_Required action_.
Beginning with the line containing "ДЕТСКИ КРЕВЕТ НА" and ending with the line containing "Veterinarian is caring", write out each line of the records below exactly; pictures and lines outside that range are left out.

_Records_.
- Opening Delimiter -
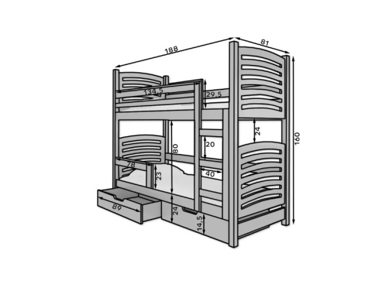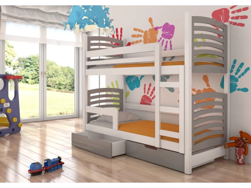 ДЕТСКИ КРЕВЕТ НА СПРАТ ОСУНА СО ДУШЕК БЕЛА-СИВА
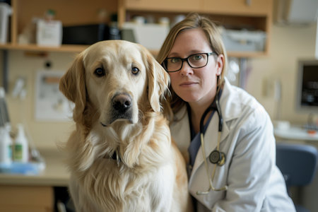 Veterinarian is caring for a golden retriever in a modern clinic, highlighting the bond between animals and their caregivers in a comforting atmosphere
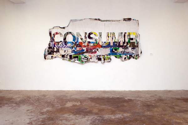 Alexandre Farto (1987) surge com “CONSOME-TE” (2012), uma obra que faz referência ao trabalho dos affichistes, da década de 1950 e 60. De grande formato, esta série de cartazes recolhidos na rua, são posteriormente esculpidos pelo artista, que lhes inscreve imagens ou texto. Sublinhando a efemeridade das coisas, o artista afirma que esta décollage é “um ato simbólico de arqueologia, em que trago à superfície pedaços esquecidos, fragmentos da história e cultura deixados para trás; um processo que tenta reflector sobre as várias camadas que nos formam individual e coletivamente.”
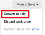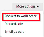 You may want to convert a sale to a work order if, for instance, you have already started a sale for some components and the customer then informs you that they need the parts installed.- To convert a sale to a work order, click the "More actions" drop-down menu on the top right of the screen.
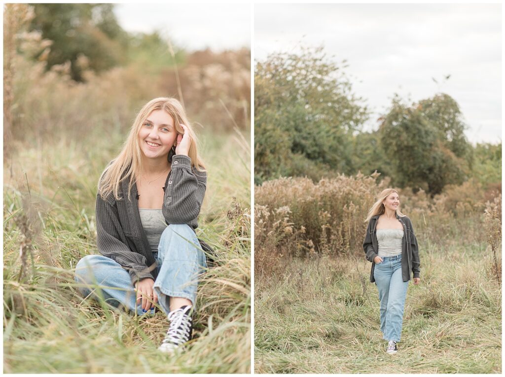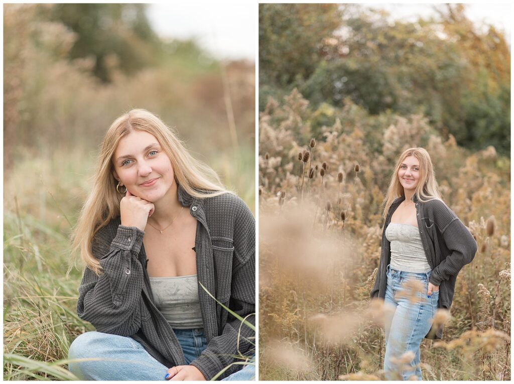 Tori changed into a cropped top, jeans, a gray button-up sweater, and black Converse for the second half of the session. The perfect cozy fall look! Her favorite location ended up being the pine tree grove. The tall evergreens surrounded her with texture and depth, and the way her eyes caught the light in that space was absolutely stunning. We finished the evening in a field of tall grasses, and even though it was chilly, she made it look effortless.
- Closing Delimiter -
- Opening Delimiter -
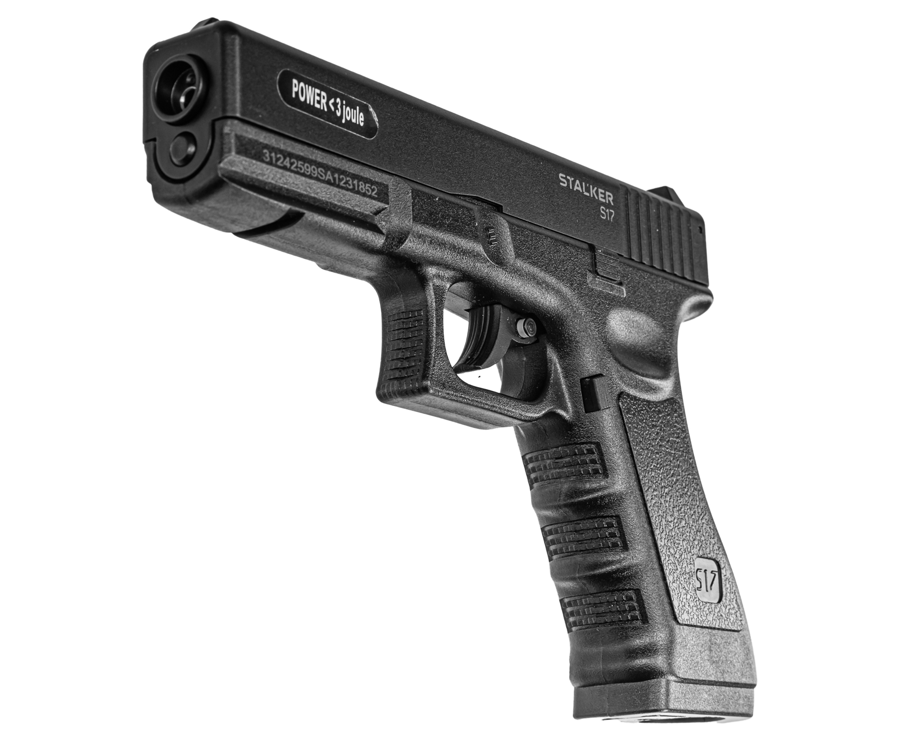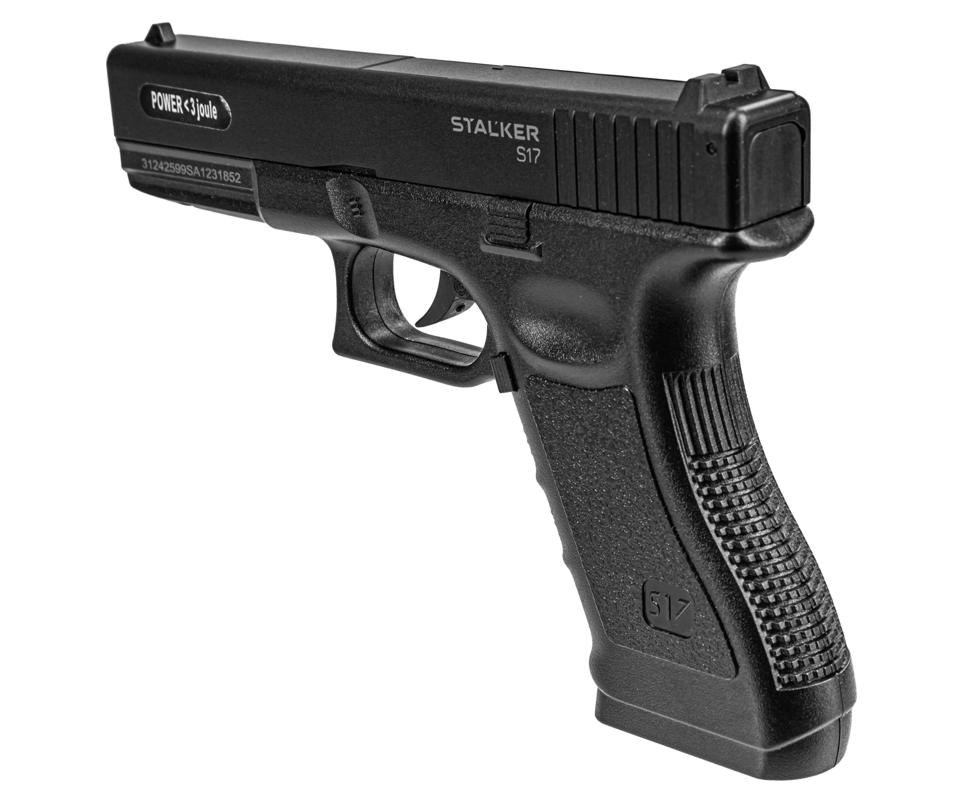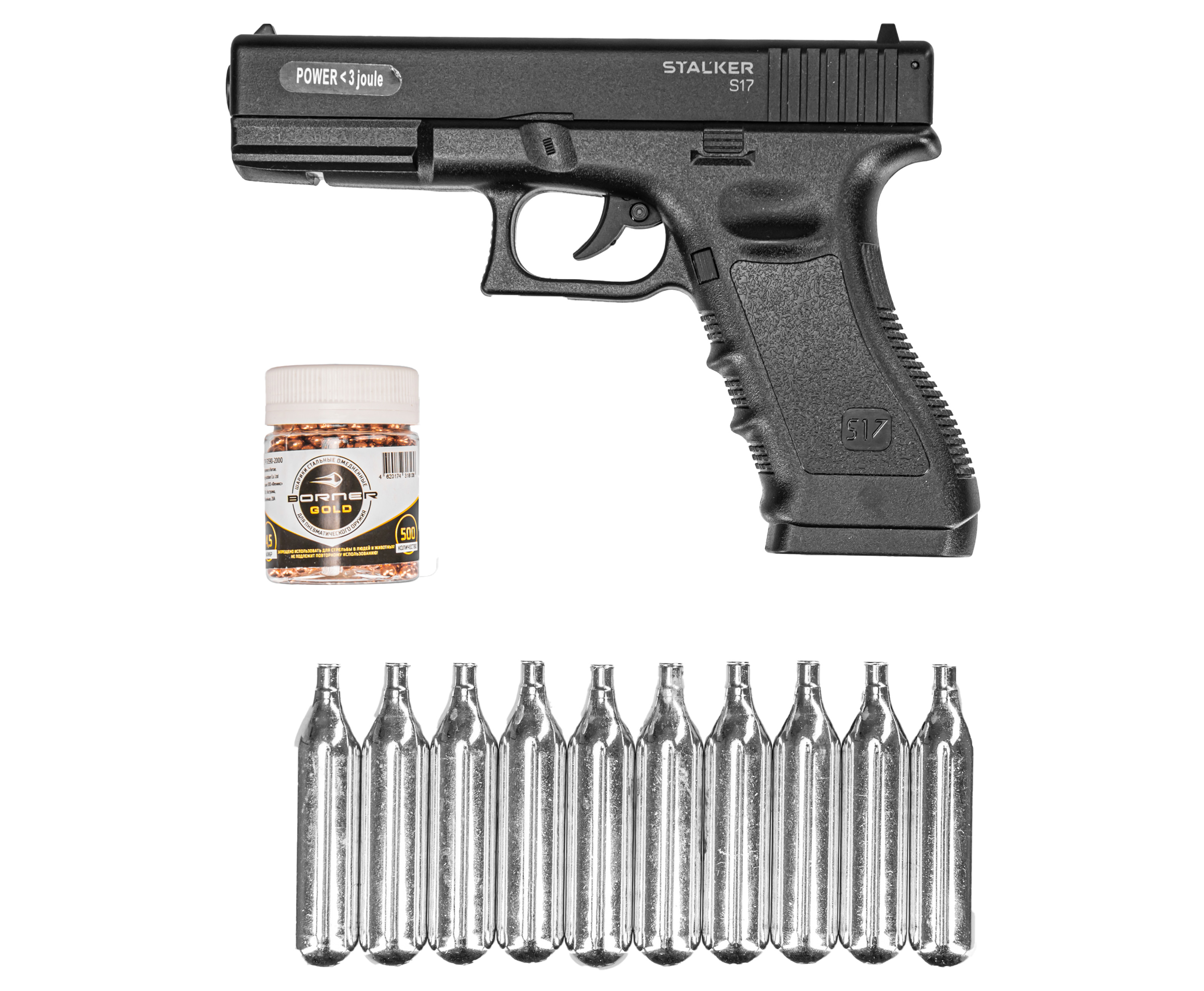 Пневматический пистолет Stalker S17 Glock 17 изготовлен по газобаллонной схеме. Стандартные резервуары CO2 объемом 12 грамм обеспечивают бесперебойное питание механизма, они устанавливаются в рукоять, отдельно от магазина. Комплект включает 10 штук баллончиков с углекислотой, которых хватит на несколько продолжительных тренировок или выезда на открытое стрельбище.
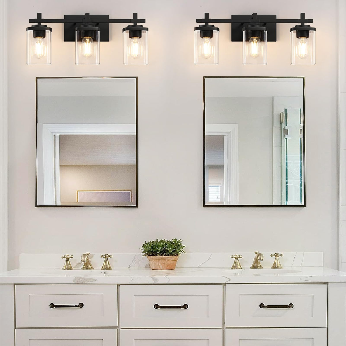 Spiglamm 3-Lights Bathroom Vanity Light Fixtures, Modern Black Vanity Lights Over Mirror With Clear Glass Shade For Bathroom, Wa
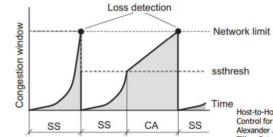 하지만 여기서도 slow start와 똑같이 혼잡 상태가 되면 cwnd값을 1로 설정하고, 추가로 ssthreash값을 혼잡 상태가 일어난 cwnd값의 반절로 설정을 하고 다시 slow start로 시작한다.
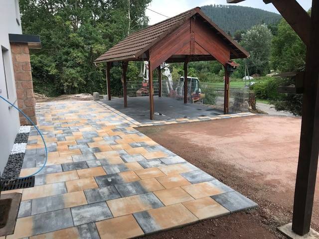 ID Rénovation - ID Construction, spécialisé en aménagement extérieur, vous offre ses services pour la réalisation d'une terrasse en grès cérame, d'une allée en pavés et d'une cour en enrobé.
- Closing Delimiter -
- Opening Delimiter -
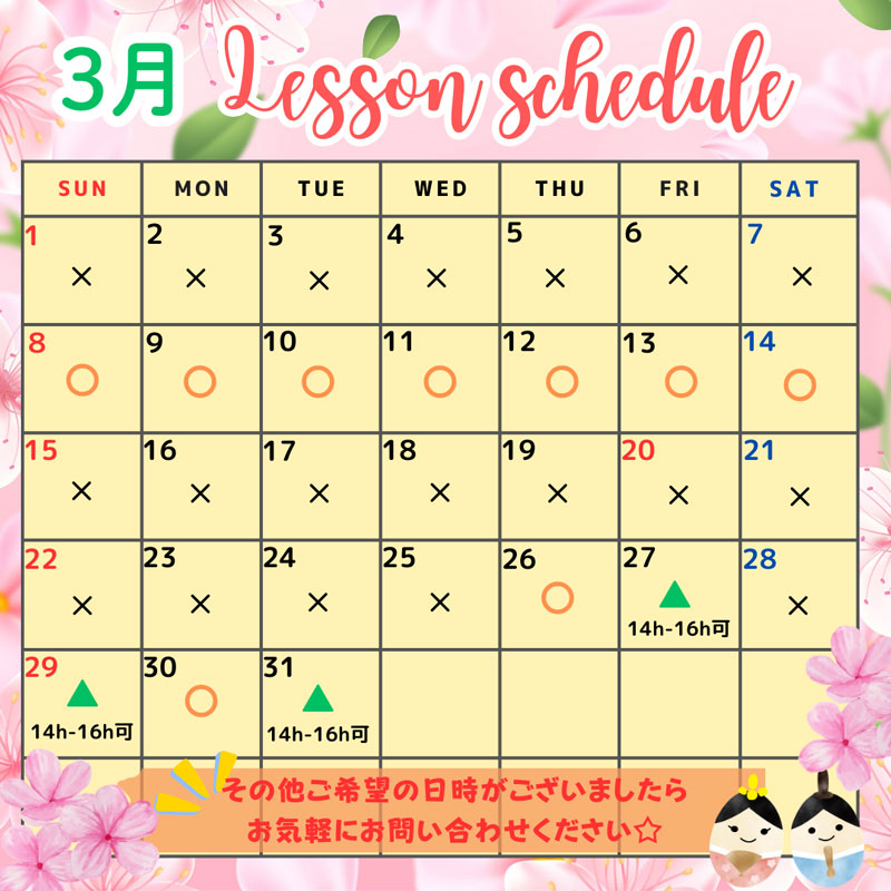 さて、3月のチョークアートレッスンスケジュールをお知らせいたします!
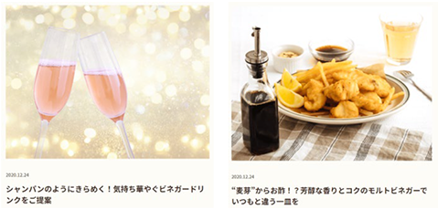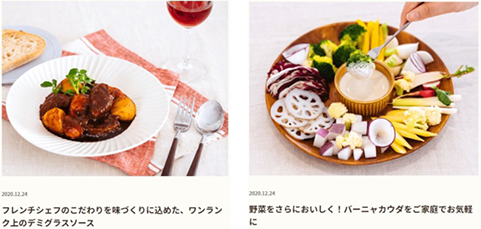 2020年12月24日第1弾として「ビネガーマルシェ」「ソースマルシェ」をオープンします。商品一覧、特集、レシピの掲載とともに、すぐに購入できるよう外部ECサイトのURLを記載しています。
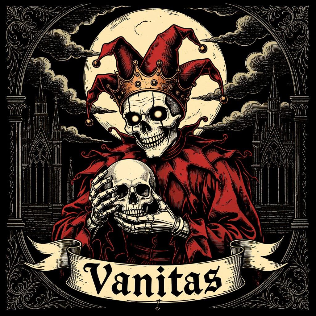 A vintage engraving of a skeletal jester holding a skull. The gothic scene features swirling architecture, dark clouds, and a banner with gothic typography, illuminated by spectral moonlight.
- Closing Delimiter -
_Response_.
 ДЕТСКИ КРЕВЕТ НА СПРАТ ОСУНА СО ДУШЕК БЕЛА-СИВА
 Veterinarian is caring for a golden retriever in a modern clinic, highlighting the bond between animals and their caregivers in a comforting atmosphere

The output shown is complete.